Милл смолк, чтобы перевести дыхание, и притронулся платком к губам. Но не успел снова раскрыть рта, как раздался стук в дверь и вошел секретарь Хей.

– Президент Линкольн, уважаемые члены Кабинета, прошу простить меня за вторжение. Однако я уверен, что вы охотно выслушаете содержание этой телеграммы. – Он поднял листок и зачитал: – Квебек взят, враг разбит наголову. Подпись: генерал Шерман.

В последовавшей тишине негромкие слова президента были отчетливо слышны всем присутствующим:

– Значит, все. Война выиграна.

Триумф

О, сладостная весть! О, упоение!

Взрослые кричали, дети верещали, церковные колокола трезвонили со всех сторон. Люди ликовали до хрипоты, срывая голоса, и даже не замечали этого от счастья.

О победе кричали во всеуслышание, вопили во всеуслышание, пели во всеуслышание. С падением Квебека пала и власть британцев. Заслышав радостную весть, люди высыпали на улицы. Победа! День, такой пасмурный и холодный с утра, согрелся теплом победы, озарился солнцем успеха.

Возле Белого дома собралась толпа, криками призывавшая президента.

– Я должен выйти и поговорить с ними, Мэри, – промолвил Линкольн.

– Но не в этом же старом, помятом костюме в день такого праздника!

Она стояла на своем, пока президент не отказался хотя бы на денек от своего потрепанного, лоснящегося черного костюма ради нового черного фрака из тончайшего сукна, белой крахмальной полотняной сорочки и фуляра из превосходнейшего французского шелка.

– Я так горжусь тобой, отец, – с улыбкой всплеснула руками Мэри. Он ответил радостной улыбкой, потому что после смерти Вилли Мэри улыбалась очень редко. Она тоже отказалась от своего черного платья, хотя бы на день, надев белое бальное платье, украшенное сотнями черных цветочков.

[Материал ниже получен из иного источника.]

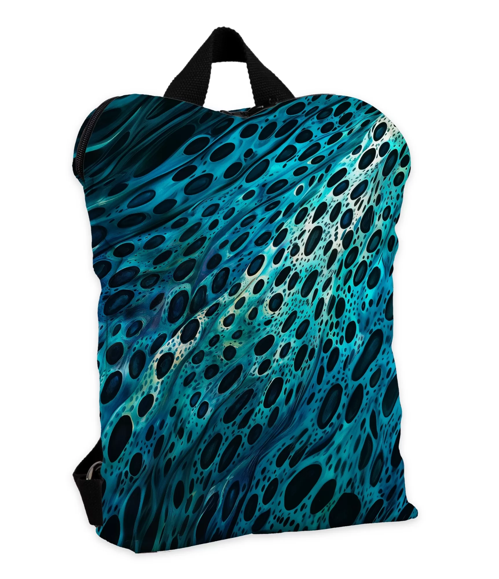 Ši moteriška kuprinė iš karto patraukia akį savo drąsiu ir dinamišku dizainu, kuriame išryškėja abstrakti gyvūno kailio tekstūra. Dominuoja žalsvai mėlyni pustoniai, per kuriuos tarsi srovena vandens srovė ar vėjyje besiplaikstantis kailis. Tamsūs ovalūs raštai pereina iš tankesnės į šviesesnę zoną, primindami naktinio geopardų kailio iliuziją – laukinę, bet rafinuotą. Kontrastingos spalvos ir vizualinis judesys sukuria įspūdį, kad kuprinė nuolat gyva, nuolat judanti. Tai ne tik aksesuaras, tai – pareiškimas apie moters vidinę stiprybę, laisvę ir kūrybišką požiūrį į gyvenimą.
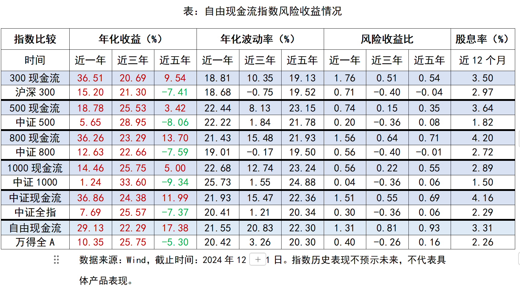 下表数据展示了自由现金流指数和它对应的宽基指数或全市场指数的风险收益情况。以沪深300自由现金流指数为例,截至2024年12月31日,过去一年,其年化收益率高达 36.51%,且风险收益比达到 1.76,远高于沪深 300 指数的 15.20%和0.71,这意味着在承担每单位风险的情况下,该指数为投资者带来了更好的回报。即便将时间拉长至三年和五年,该指数依然保持了更为稳定的年化收益率,且风险收益比均为正数。

Рука об руку вышли они на балкон, и толпа радостно взревела. Линкольн не мог сказать ровным счетом ничего, и даже если бы попытался, его бы никто не расслышал. Они просто с улыбками махали руками, пока не замерзли. К тому же, когда они возвращались в дом, к подъезду уже подкатывали первые коляски.

Члены Кабинета собрались в Зеленой комнате, где к ним присоединилось воинство старших сенаторов с Капитолийского холма. В тесных стенах перекатывалось эхо восторгов и веселого смеха. Протолкнувшись через собрание, Хей привлек внимание президента.

– Тут русский посланник.

– Барон с непроизносимой фамилией?

– Да, сэр. Барон Штокль. Хочет поздравить.

– Еще бы ему не хотеть после того, что британцы сделали с русскими в Крыму.

Пышно одетый барон с золотой звездой на шее размером с суповую тарелку схватил Линкольна за руку и принялся встряхивать ее, будто рукоятку помпы, с такой энергией, что его парик грозил сползти на глаза.

– Позвольте сердечнейшим образом, господин президент, поздравить вас с победой на поле боя. – Отступив в сторону, он указал на военного в элегантном мундире. – Позвольте представить вам адмирала Нахимова, пришедшего сюда на флагманском корабле с визитом, по случайному совпадению, весьма своевременно.

У адмирала оказались мозолистые ладони, крепкое пожатие и на удивление хороший английский.

– Я знаю, как трудно топить английские корабли, и восхищен тем, как это делают ваши моряки, – сказал он.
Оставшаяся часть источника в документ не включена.